======== INFORMATION PROVIDED
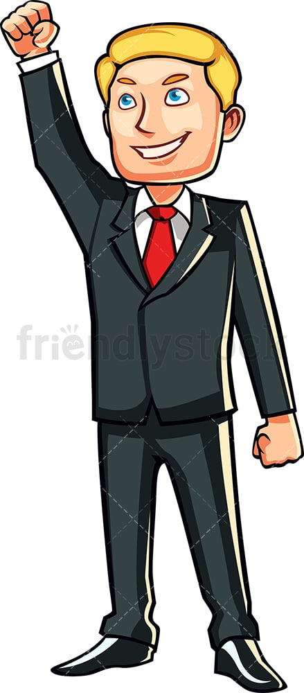 This man’s figure is one of exultation and success. He is depicted in a triumphant stance with his right arm raised in a fist over his head while his left arm is in the same pose but held down from his body. He has blonde hair and is wearing a dark suit, white shirt and red tie. He has a pleased look on his face and his eyes are looking skyward.
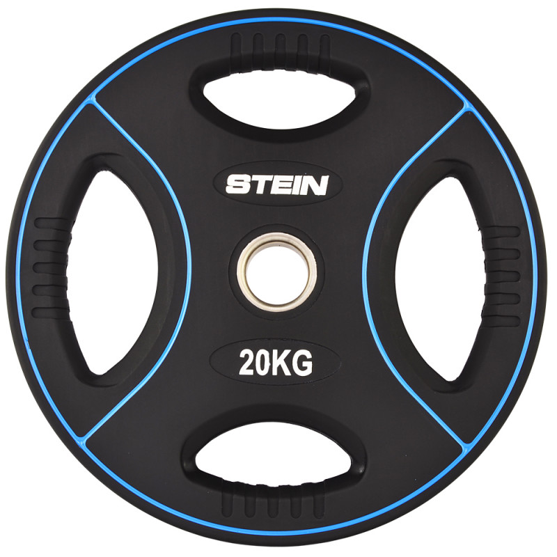 - високоміцне TPU (поліуретанове) покриття. кожна вага диска - з окантовкою різного кольору для зручності диференціації.
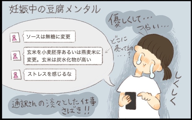 「甘いものはダメ、最悪赤ちゃんの心臓が止まる。食後30分は歩いて」など制限が厳しく、通訳の方を通して伝えられる言葉の表現がストレートで本当に怖かったです。
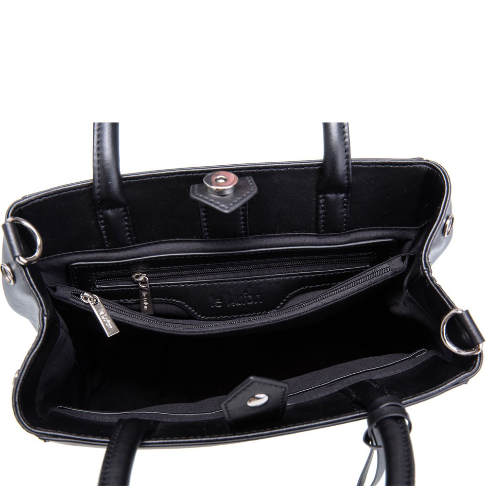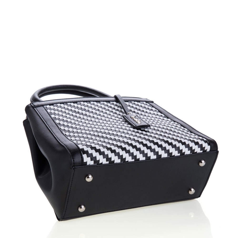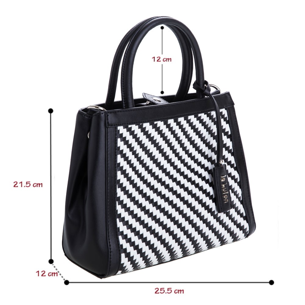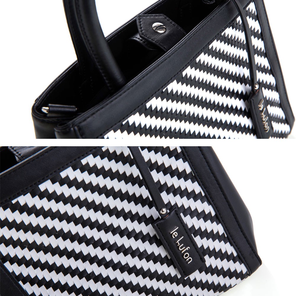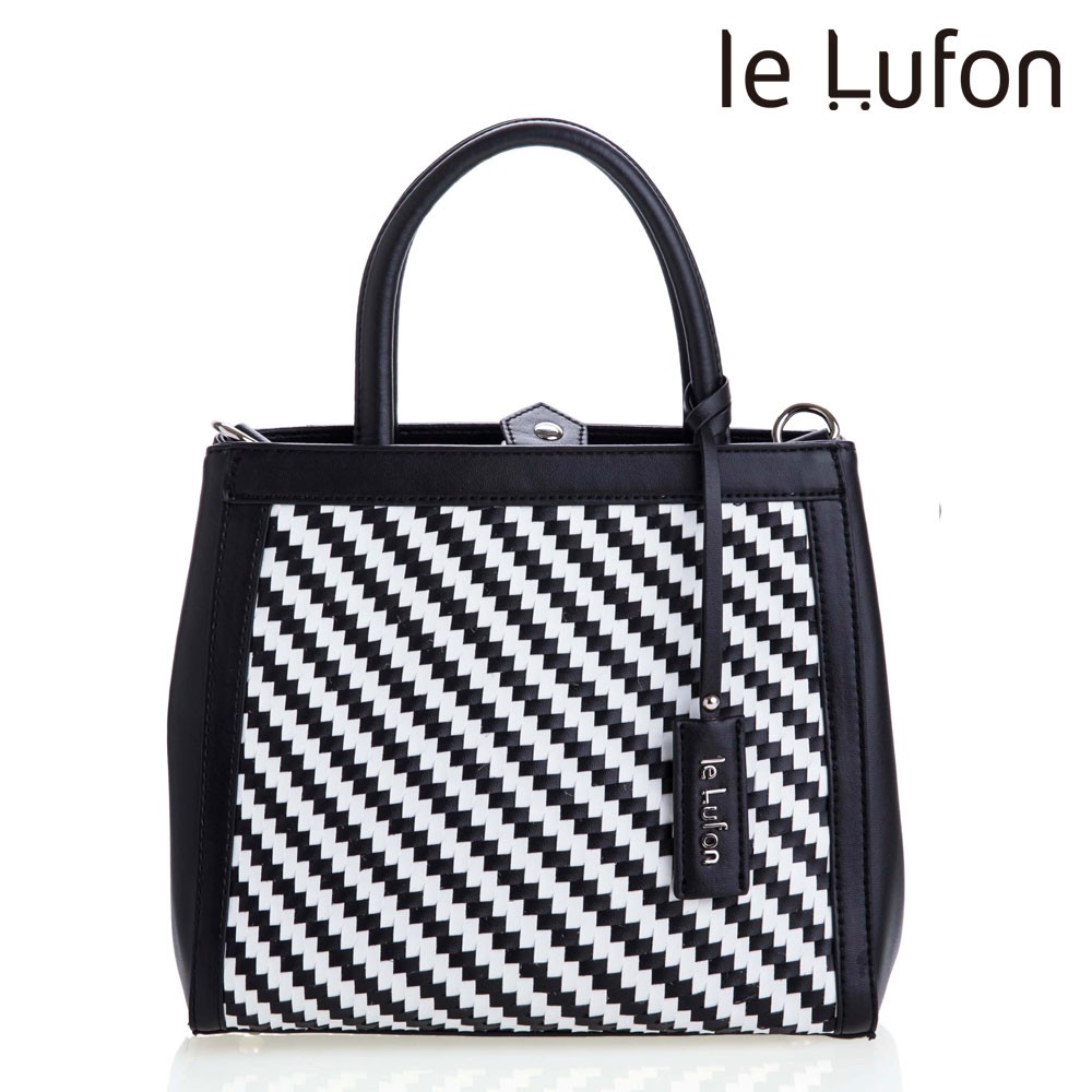 【le Lufon】黑白色編織交錯面金屬吊飾簡約設計可敞開式蝙蝠版型 兩用手提包 (S)手提包/斜背包/側背包
================
ASSIGNED TASK: Beginning with the first line of the material above, please output each line exactly through the line that contains "- високоміцне TPU", and only those, leaving out pictures.

TASK RESULT:
 This man’s figure is one of exultation and success. He is depicted in a triumphant stance with his right arm raised in a fist over his head while his left arm is in the same pose but held down from his body. He has blonde hair and is wearing a dark suit, white shirt and red tie. He has a pleased look on his face and his eyes are looking skyward.
 - високоміцне TPU (поліуретанове) покриття. кожна вага диска - з окантовкою різного кольору для зручності диференціації.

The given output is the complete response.